DATA FOR THIS TASK:
= = = = =
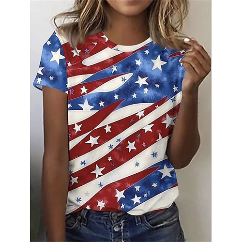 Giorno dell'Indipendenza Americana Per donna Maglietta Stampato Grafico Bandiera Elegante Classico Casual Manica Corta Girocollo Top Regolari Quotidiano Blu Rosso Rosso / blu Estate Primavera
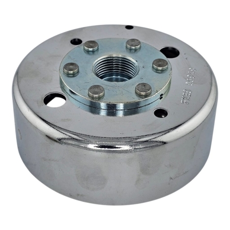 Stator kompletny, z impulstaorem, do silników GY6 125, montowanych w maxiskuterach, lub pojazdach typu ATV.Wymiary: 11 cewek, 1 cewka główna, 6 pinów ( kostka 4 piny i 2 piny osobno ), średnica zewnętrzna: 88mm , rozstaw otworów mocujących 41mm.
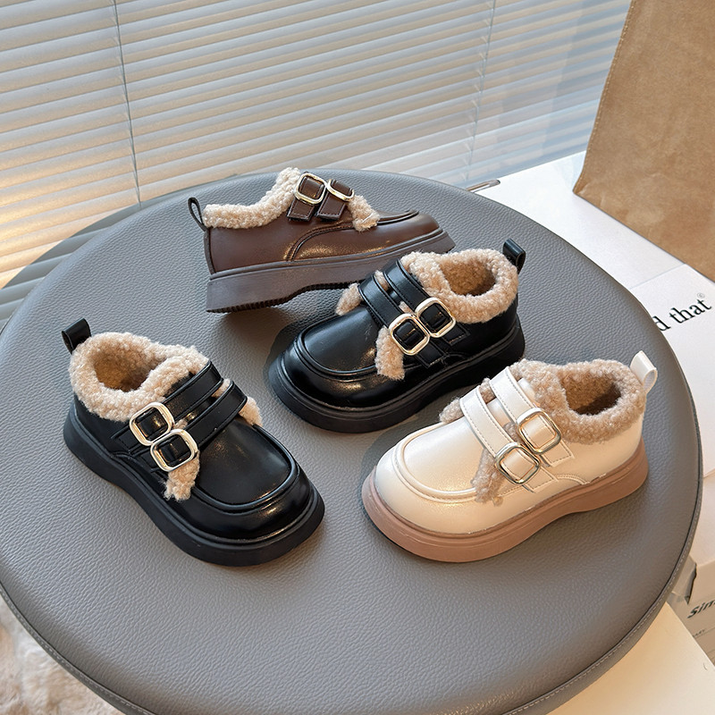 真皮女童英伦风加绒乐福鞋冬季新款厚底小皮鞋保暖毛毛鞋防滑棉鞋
= = = = =
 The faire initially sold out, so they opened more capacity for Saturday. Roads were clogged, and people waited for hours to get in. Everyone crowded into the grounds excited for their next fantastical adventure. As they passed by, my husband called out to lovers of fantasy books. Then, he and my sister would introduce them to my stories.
= = = = =
TO DO: Write back word for word every line in the entries above from the one with "Giorno dell'Indipendenza Americana" to the one with "真皮女童英伦风加绒乐福鞋冬季新款厚底小皮鞋保暖毛毛鞋防滑棉鞋", ends included, and none of the pictures.

ANSWER SPACE:
 Giorno dell'Indipendenza Americana Per donna Maglietta Stampato Grafico Bandiera Elegante Classico Casual Manica Corta Girocollo Top Regolari Quotidiano Blu Rosso Rosso / blu Estate Primavera
 Stator kompletny, z impulstaorem, do silników GY6 125, montowanych w maxiskuterach, lub pojazdach typu ATV.Wymiary: 11 cewek, 1 cewka główna, 6 pinów ( kostka 4 piny i 2 piny osobno ), średnica zewnętrzna: 88mm , rozstaw otworów mocujących 41mm.
 真皮女童英伦风加绒乐福鞋冬季新款厚底小皮鞋保暖毛毛鞋防滑棉鞋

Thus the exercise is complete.